### Task goal
Omit the images. Restate all of the records word for word.

─── Given data ───

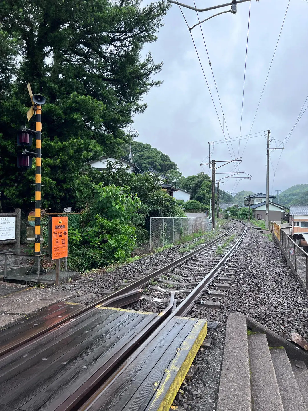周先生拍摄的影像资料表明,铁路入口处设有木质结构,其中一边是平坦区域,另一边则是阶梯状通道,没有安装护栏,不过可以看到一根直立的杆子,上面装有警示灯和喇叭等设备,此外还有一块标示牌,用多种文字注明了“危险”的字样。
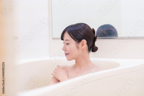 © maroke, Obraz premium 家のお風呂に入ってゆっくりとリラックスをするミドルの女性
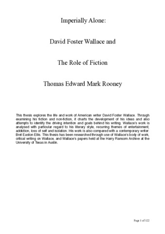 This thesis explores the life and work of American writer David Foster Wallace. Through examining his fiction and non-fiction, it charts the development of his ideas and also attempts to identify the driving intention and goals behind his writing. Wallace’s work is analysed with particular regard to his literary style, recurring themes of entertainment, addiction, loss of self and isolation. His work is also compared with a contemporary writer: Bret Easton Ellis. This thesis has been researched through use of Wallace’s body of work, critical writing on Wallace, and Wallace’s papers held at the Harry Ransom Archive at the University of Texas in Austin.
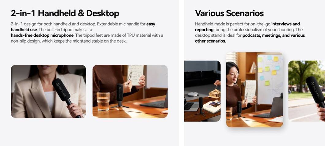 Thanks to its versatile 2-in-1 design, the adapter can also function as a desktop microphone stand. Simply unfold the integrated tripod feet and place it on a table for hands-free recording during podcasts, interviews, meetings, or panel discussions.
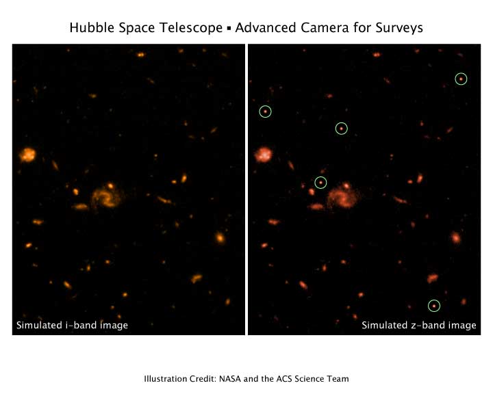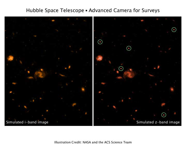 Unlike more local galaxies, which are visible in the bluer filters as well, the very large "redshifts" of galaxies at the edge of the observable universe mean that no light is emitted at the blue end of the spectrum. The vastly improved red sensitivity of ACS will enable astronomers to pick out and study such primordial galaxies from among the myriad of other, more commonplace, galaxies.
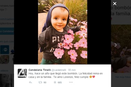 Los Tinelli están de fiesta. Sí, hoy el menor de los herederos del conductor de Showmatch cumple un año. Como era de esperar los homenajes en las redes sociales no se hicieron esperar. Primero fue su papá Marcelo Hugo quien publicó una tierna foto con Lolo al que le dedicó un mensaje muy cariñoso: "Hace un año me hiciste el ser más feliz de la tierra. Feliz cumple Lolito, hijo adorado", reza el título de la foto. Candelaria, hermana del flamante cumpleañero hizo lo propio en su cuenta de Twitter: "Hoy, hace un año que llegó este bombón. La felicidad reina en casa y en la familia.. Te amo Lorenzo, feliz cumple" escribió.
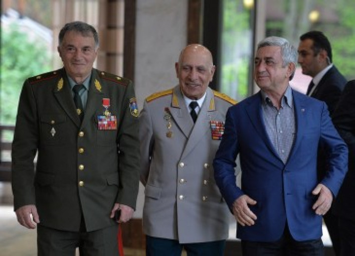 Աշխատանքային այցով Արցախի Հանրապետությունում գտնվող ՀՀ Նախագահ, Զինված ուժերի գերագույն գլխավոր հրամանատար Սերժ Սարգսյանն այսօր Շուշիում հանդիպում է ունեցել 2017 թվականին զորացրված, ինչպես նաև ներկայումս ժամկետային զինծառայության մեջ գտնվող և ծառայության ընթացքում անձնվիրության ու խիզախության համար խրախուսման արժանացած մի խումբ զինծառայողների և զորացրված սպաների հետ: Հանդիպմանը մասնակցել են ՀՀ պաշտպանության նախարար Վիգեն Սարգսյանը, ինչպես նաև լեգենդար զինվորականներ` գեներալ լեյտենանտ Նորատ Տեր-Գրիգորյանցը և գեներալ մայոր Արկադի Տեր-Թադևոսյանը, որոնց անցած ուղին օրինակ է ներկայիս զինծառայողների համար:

───

### Answer box
周先生拍摄的影像资料表明,铁路入口处设有木质结构,其中一边是平坦区域,另一边则是阶梯状通道,没有安装护栏,不过可以看到一根直立的杆子,上面装有警示灯和喇叭等设备,此外还有一块标示牌,用多种文字注明了“危险”的字样。
 © maroke, Obraz premium 家のお風呂に入ってゆっくりとリラックスをするミドルの女性
 This thesis explores the life and work of American writer David Foster Wallace. Through examining his fiction and non-fiction, it charts the development of his ideas and also attempts to identify the driving intention and goals behind his writing. Wallace’s work is analysed with particular regard to his literary style, recurring themes of entertainment, addiction, loss of self and isolation. His work is also compared with a contemporary writer: Bret Easton Ellis. This thesis has been researched through use of Wallace’s body of work, critical writing on Wallace, and Wallace’s papers held at the Harry Ransom Archive at the University of Texas in Austin.
 Thanks to its versatile 2-in-1 design, the adapter can also function as a desktop microphone stand. Simply unfold the integrated tripod feet and place it on a table for hands-free recording during podcasts, interviews, meetings, or panel discussions.
 Unlike more local galaxies, which are visible in the bluer filters as well, the very large "redshifts" of galaxies at the edge of the observable universe mean that no light is emitted at the blue end of the spectrum. The vastly improved red sensitivity of ACS will enable astronomers to pick out and study such primordial galaxies from among the myriad of other, more commonplace, galaxies.
 Los Tinelli están de fiesta. Sí, hoy el menor de los herederos del conductor de Showmatch cumple un año. Como era de esperar los homenajes en las redes sociales no se hicieron esperar. Primero fue su papá Marcelo Hugo quien publicó una tierna foto con Lolo al que le dedicó un mensaje muy cariñoso: "Hace un año me hiciste el ser más feliz de la tierra. Feliz cumple Lolito, hijo adorado", reza el título de la foto. Candelaria, hermana del flamante cumpleañero hizo lo propio en su cuenta de Twitter: "Hoy, hace un año que llegó este bombón. La felicidad reina en casa y en la familia.. Te amo Lorenzo, feliz cumple" escribió.
 Աշխատանքային այցով Արցախի Հանրապետությունում գտնվող ՀՀ Նախագահ, Զինված ուժերի գերագույն գլխավոր հրամանատար Սերժ Սարգսյանն այսօր Շուշիում հանդիպում է ունեցել 2017 թվականին զորացրված, ինչպես նաև ներկայումս ժամկետային զինծառայության մեջ գտնվող և ծառայության ընթացքում անձնվիրության ու խիզախության համար խրախուսման արժանացած մի խումբ զինծառայողների և զորացրված սպաների հետ: Հանդիպմանը մասնակցել են ՀՀ պաշտպանության նախարար Վիգեն Սարգսյանը, ինչպես նաև լեգենդար զինվորականներ` գեներալ լեյտենանտ Նորատ Տեր-Գրիգորյանցը և գեներալ մայոր Արկադի Տեր-Թադևոսյանը, որոնց անցած ուղին օրինակ է ներկայիս զինծառայողների համար:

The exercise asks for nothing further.